Why is everyone so fascinated with it? The two most searched stories on my blog has been this one and the one in which the police chief's wife had a porn site.
Both involved cops and both involved porn. Coinkydink?

Because you know I'm totally committed to my dog's health, I decided to dump the processed dry dog food and make my own food for her.
I wanted to know what I was putting into her body...........unlike my own body.
So yesterday morning I whipped her up some eggs, tossed in some veggies and added browned ground turkey.
Took me 45 minutes. You know how I feel about work, so tomorrow she's getting a big bowl of Count Chocula. Yum!

I have decided that I am the "peace maker" in my relationships, and I don't know why. I HATE IT when
people fight, even people I don't know. I find myself trying to smooth the waters between people
on forums I frequent, trying to get them to laugh about the whole situation, to see the humor in it. It's weird. Why do I care when strangers fight? It has nothing to do with me. It's not like I was the child of an alcoholic or anything like that. My dad was LOUD and big, and when he got mad, I did hate that.
My parents rarely fought, but when they did, it upset me tremendously. People like Dr. Phil say you should never fight in front of your children. I know knock down drag outs are a no no, but NEVER fighting makes things so much harder when a fight is overheard. It leaves you unprepared and insecure.
When my dad retired, my parents fought so much, I'd be almost sick to my stomach and I was 18 years old at the time. I know that most of it stemmed from the fact that dad was suddenly "underfoot" 24 hours a day, but I honestly worried they'd get a divorce.
Then as the fighting continued, I PRAYED they'd get a divorce. Oy. Things seemed to settle down once Mom realized Dad wasn't going anywhere and she'd had to get used to him being around. That basically consisted of giving him enough "busy work"
for the entire day. Anyway, the reason all of this came up is that last night we were having problems shutting off our oven fan. Mr. G told me he was having problems pushing the off button, but it was so tremendously hot while I was cooking that I never even gave that a thought. He responded to the situation the way he always does when something needs fixed: he gets angry and starts swearing and slamming stuff, bitching about how he can never find something when he needs it. And all the while I'M the one looking for it while he stands there swearing.
My guess is this is all borne of his frustration because he's not mechanically or
electronically inclined, but the minute he starts doing that, I start placating, my stomach starts churning and I get mad at myself when I hear myself.
Sometimes I tell him to grow up, but always there's that upset stomach feeling until it's over.
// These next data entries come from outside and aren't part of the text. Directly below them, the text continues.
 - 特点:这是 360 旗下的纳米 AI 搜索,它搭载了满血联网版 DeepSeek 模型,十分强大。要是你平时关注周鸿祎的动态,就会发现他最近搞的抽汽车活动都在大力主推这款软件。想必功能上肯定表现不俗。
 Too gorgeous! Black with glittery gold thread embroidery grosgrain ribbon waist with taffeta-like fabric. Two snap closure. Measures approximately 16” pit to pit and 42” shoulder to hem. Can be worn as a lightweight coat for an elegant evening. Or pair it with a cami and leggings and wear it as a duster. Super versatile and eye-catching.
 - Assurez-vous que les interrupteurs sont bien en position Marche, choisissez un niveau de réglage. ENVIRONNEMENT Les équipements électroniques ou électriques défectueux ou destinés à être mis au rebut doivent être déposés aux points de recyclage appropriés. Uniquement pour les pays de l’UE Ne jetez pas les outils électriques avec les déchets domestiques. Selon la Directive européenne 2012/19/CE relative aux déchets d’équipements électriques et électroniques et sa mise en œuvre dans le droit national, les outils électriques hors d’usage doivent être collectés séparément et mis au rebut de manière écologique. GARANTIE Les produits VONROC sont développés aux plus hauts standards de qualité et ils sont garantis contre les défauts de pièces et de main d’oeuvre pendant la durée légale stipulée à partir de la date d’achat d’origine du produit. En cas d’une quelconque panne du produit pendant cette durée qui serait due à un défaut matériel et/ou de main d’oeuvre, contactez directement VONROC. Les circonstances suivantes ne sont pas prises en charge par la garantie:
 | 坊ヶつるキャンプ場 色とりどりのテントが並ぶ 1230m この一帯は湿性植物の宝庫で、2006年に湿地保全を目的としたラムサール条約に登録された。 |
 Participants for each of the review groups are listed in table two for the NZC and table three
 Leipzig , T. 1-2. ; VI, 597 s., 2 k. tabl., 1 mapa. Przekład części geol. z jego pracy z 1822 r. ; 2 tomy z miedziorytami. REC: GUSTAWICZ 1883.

However, if someone angers me enough, and I feel they've pushed me passed the point of no return, I can tell them to f off with a clear conscience, and forget their very existence, and sadly I've had to do so once or twice.
Oh, and the fan he was yelling about having to call an electrician to turn off? Turns out the damn thing had a plug and when I yanked it, the problem was solved.

4 comments:

Mushy said...

The wife and I haven't YET had too much trouble since retiring, but as of now we do some things separately, which gives us time along or with the same sex.

Truth is, we like each other pretty much, so that helps.

We promised each other a few years back that if we did split, that we would still live in the house together - we ain't goin' no where!

Anonymous said...

Your extreme discomfort at yelling and upset feelings is natural for someone who strives for harmony 100% of the time. I do the same but without the stomach pains because I have a short fuse and I'm more apt to tell you to shut the fuck up or walk away from you while it's going on. I just don't like being around that shit if it doesn't involved me. But when it does involve me directly, I like to remain calm till the storm of yelling ends then either ignore the yelling while helping to solve the problem. I find it's healthier to let the person who needs to vent do so and then get it all out. I used to bottle my every emotion and served one purpose only: to make me an emotional cripple. Now I'm far more assertive with certain people and with others I just ignore it because, going back to your post about the neighbour, it's not about you or me -- it's about them and their frustration. I refuse to own their feelings unless I caused it directly.

Stacey

*Goddess* said...

That's what my husband says to me, that I should just let him get it out, but I'm always so busy trying to keep the peace! When we first got married, he would blow up at my mother and move on, but my mother doesn't move on, she hangs on, so I would keep telling him to ignore stuff and what I'm finding is that now he'll blow up at her about stupid shit. Then he'll say, "You should have just let me confront her when I wanted to." In theory, I know he's right, but I hate being in the middle.

*Goddess* said...

Mushy, you talked about IF you did split?! Wow. That's proactive;)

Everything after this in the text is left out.